After Lee’s encounter with Brad Falon he’d found himself watching the shadows more carefully, and he didn’t like this kind of fear. He had been headed for the laundry that afternoon, had started to cut through the exercise room when he saw half a dozen jocks in there pumping iron. One of them, a new arrival, had eyes as cold as a hunting vulture. Brad Falon had already gathered a cluster of followers around him, and Lee didn’t want to mess with him. His good sense told him to turn back and go a different way, to avoid trouble, but he stubbornly pushed on in. Afterward, hours later, he wonderedwhy he’d done that. The men watched him expressionlessly from where they worked the weights, the press, their rhythm never ceasing but their eyes never leaving him, their stripped bodies sleek with sweat.
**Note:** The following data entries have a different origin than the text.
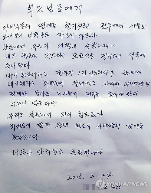당시 공개된 문서에는 "내가 혼자서라도 끝까지 1인 시위하다가 죽으면 내 시체라도 회원들이 둘러메고 우리 아버지들의 명예와 돌아온 자식들의 권리를 찾아야 한다", "너무 억울하다. 안타깝고 분통하다" 등의 내용이 적혀 있었다.
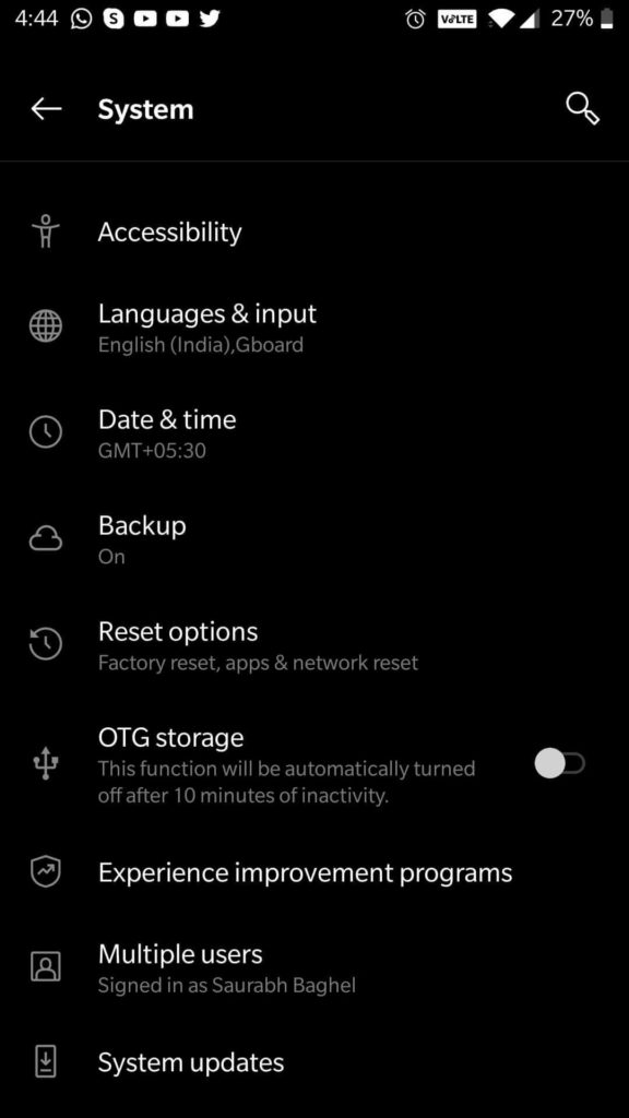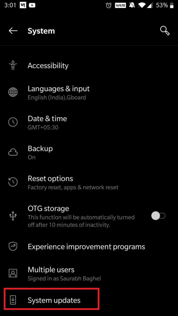 Jos haluat tarkistaa ohjelmistopäivitykset, siirry osoitteeseenAsetuksetSelaa Android -laitteessasi, vieritä alasJärjestelmäja napsautaJärjestelmäpäivitykset.Jos ohjelmistopäivityksiä on vireillä, lataa ja asenna ne.
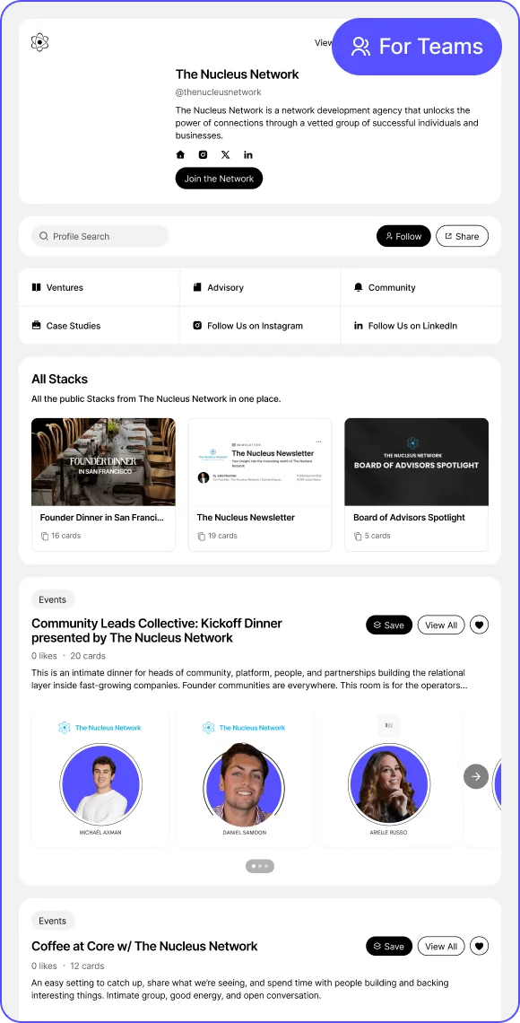 “All my favorite spots and recommendations in one place I can share with anyone who asks. It’s a no-brainer.” — Jake“Investor dinner follow-ups, restaurant recommendations, travel guides: Stacklist lets me combine everything I love and share it with the people who matter most.” — Michael
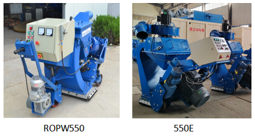 在移動(dòng)式拋丸機(jī)選型上,建議選擇ROPW550、500E、500S。其中,ROPW550的工作寬幅為550mm,適合平面甲板的清理,處理效率為75-100m2/h。而500E由于工作時(shí)離水平表面高度可以控制在20mm,它既可用水平面甲板,也可用于防滑條坡度表面的清理,工作寬幅為500mm,處理效率為50-140m2/h。

Lee moved on past, knowing this wasn’t smart, feeling Falon’s stare and not liking it. When, behind him, the rhythm of the weight machine stopped, he tightened his grip on the knife in his pocket, didn’t falter or let his glance flicker.

He entered the auto shop skirting a battered touring car set up on blocks waiting for a rebirth. No one entered behind him, and he could still hear the steady rhythm of the exercise equipment. Passing the touring car—a badly dented relic, one fender twisted, paint peeling over heavy rust, cloth top in tatters—he heard a faint moan.